Chose claire, toutefois, ces talents ne peuvent se répartir uniformément, car ceux requis pour les deux missions se distinguent au point de s’opposer, de se contrarier. La domination et la conquête requièrent surtout de la force, tandis que l’accompagnement au quotidien demande au contraire de la délicatesse, de la sensibilité.
«Chez l’homme, ce sont surtout les dons requis pour le combat, la conquête et la domination: la force physique pour prendre possession du monde extérieur, l’entendement pour pénétrer intellectuellement le monde et enfin la force de caractère et la puissance de réalisation pour le façonner d’une manière créative. Chez la femme, ce sont les capacités de préserver l’être en gestation et en croissance, de le protéger et de favoriser son développement, d’où, sur le plan physique, le don de vivre dans une union plus intime avec son corps et de rassembler tranquillement ses forces, et, d’autre part, celui d’endurer des douleurs, de se priver et de s’adapter; d’où, sur le plan psychique, la disposition à se porter sur ce qui est concret, individuel et personnel, la capacité de l’appréhender dans sa spécificité et de s’adapter à celle-ci, et le désir de favoriser son développement.»
Voulue comme mère, la femme reçoit de la nature une capacité extraordinaire de faire un avec l’enfant, au point de dépendre de lui dans toute l’organisation de sa vie. Impossible, pour la femme, de faire abstraction de l’enfant tout le temps qu’elle le conçoit et le développe en elle. Même une fois qu’elle lui a donné existence matériellement à l’extérieur d’elle, elle garde un lien extrêmement intime avec lui. Toute sa vie, il lui est difficile d’organiser ses occupations indépendamment du besoin de sa progéniture.

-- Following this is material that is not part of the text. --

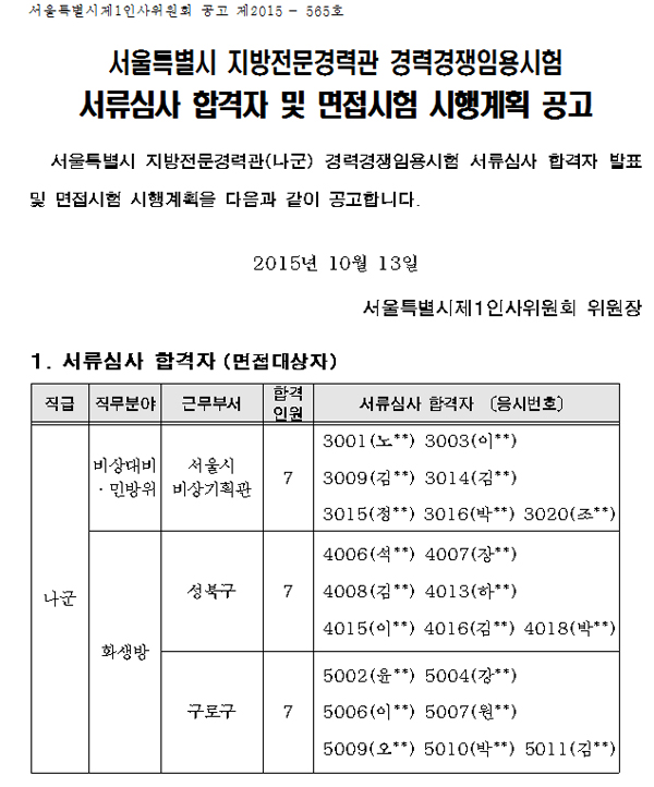 서류심사 합격자 및 면접 - 서울특별시 지방전문경력관 경력경쟁임용시험

De nombreuses études ont montré que le soin maternel est déterminant pour le caractère et même pour la destinée de l’enfant: il sera heureux ou malheureux selon la nature de l’amour reçu de sa mère. Cette mission maternelle, mission d’amour sacrificiel, qui est confiée aux femmes est donc capitale.
Et comment! Le but de la femme mère, c’est en toute priorité le bien de son enfant. Cela, elle le trouve inscrit au plus profond de ses gènes et de son âme.

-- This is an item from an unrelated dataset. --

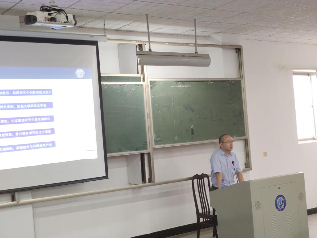 同时,高老师着重强调了学院立足于夯实基础教育、完善导师负责制、加强国际接轨、严控培养过程、出台奖励机制等五个方面提升研究生培养质量。反复强调了文献的重要性,为我们的研究生生涯敲了一个警钟,提醒同学们要重视学习,了解学习的重要性,在研一阶段就要紧张起来。最后,高英力对同学们提出殷切希望,期望同学们勤于动脑、敢于质疑,勇于创新,并勉励全体同学要心无旁骛的钻研学术,争取在研究生阶段取得令人满意的成果。

Mais il faut remarquer, ajoute Edith Stein, que la prédisposition maternelle de la femme entraine une deuxième dimension de sa spécificité féminine: faite pour être mère, la femme est aussi faite pour être épouse; la nature la dispose essentiellement pour accompagner, pour assister un homme. «Il n’est pas bon que l’homme soit seul. Il faut que je lui fasse une aide assortie», déclare la Genèse.

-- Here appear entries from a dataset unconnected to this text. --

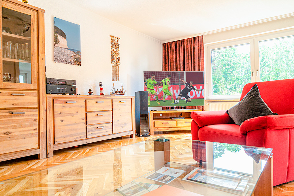 Ort: Ostseebad Baabe. Zentrale Lage in der Nähe des Selliner Sees (600 m). Ortsmitte mit Restaurants, Geschäften 750 m. Ostseestrand mit Promenade 1,1 km.
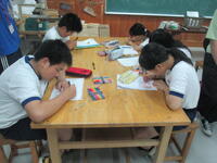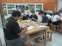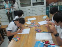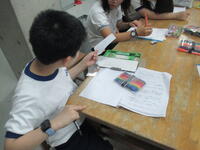 1日目の夜にはプラホビーをつくりました。プラ板にそれぞれ好きな絵を描きました。プラ板をオーブントースターに入れると小さくなり、キーホルダーをつくりました。先生たちも一緒に集中してつくりました。
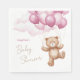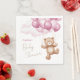 Una servilleta de papel para la ducha infantil decorada con un adorable oso de peluche montando globos en las nubes.
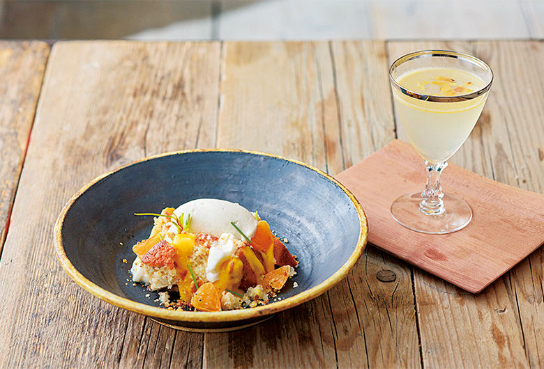アーモンドケーキにミカンのクリーム、菊イモのアイスをのせたデザート。カルヴァドスにカキのシロップを加えたフルーティーなカクテルと。

À ce sujet, en lisant son ouvrage La vocation de l’homme et de la femme, j’ai été frappé par une interprétation et une image que notre théologienne allemande nous donne pour mieux comprendre l’expression de la Genèse qui appelle la femme une aide assortie. Plus littéralement, note-t-elle, on pourrait traduire une aide en face de lui. À partir de cette traduction, elle compare cette vocation d’épouse, cette collaboration nécessaire de l’homme et de la femme, à celle de nos deux mains qui, ayant une même nature, n’en sont pas moins différentes et complémentaires.
L’image des deux mains est très éclairante. Car l’homme a bien besoin, pour sa mission propre, du conseil, de l’encouragement, de l’appui d’une aide adéquate. Et voilà encore justement la spécificité de la nature féminine. Tous les dons naturels qui la font mère se mobilisent pour la faire aussi épouse, compagne.
«À cette prédisposition maternelle s’associe celle qui consiste à être une compagne. Partager la vie d’un autre être humain, prendre part à tout ce qui le concerne, aux grandes comme aux petites choses, à ses joies comme à ses peines, mais aussi à ses travaux et à ses problèmes, c’est un don chez elle et cela fait son bonheur.»
Par ailleurs, l’homme qui a pour première mission de dominer la terre a aussi une seconde mission qui le dépasse aussi et qui l’écraserait si la femme ne lui était donnée pour l’assister là aussi, et pour en assurer, comme dit Edith Stein, «plus que la moitié»: c’est sa mission de père.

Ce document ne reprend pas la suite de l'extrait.